-------- Records for processing --------
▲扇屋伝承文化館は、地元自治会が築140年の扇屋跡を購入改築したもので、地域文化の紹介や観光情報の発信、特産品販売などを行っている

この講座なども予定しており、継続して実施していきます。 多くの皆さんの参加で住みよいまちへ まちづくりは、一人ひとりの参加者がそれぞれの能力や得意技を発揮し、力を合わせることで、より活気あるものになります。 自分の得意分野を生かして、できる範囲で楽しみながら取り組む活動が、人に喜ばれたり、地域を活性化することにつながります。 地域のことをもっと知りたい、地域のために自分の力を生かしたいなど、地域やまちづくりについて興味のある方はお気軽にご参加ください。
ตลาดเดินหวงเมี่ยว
--------
-------- Records for processing --------
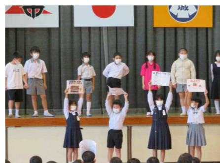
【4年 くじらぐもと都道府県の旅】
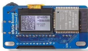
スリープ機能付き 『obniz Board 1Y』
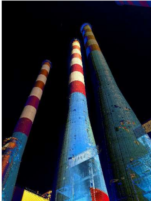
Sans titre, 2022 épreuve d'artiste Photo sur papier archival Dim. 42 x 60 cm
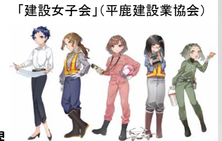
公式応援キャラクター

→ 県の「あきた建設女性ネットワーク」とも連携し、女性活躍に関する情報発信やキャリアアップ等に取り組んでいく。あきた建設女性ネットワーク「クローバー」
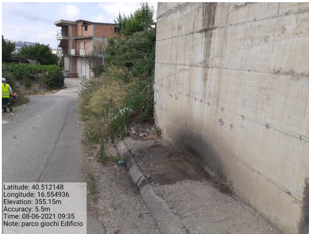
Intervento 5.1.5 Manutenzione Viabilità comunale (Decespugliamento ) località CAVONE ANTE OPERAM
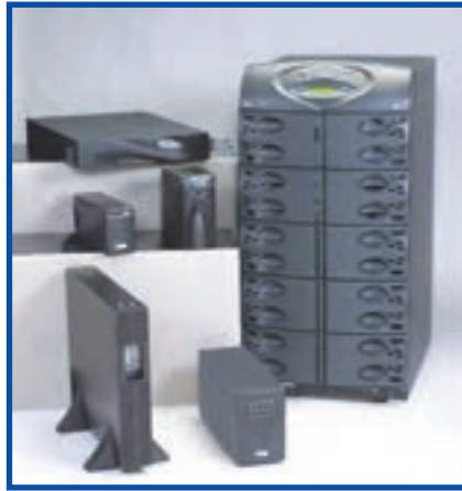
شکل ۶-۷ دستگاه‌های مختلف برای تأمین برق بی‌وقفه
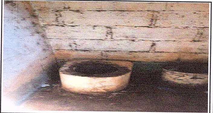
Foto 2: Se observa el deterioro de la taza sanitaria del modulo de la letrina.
--------
Required work — Copy nothing but the lines above from the one with "Intervento 5.1.5 Manutenzione" to the one with "Foto 2: Se observa", inclusive, word for word. Leave every picture out.

Solution for this problem —
Intervento 5.1.5 Manutenzione Viabilità comunale (Decespugliamento ) località CAVONE ANTE OPERAM
شکل ۶-۷ دستگاه‌های مختلف برای تأمین برق بی‌وقفه
Foto 2: Se observa el deterioro de la taza sanitaria del modulo de la letrina.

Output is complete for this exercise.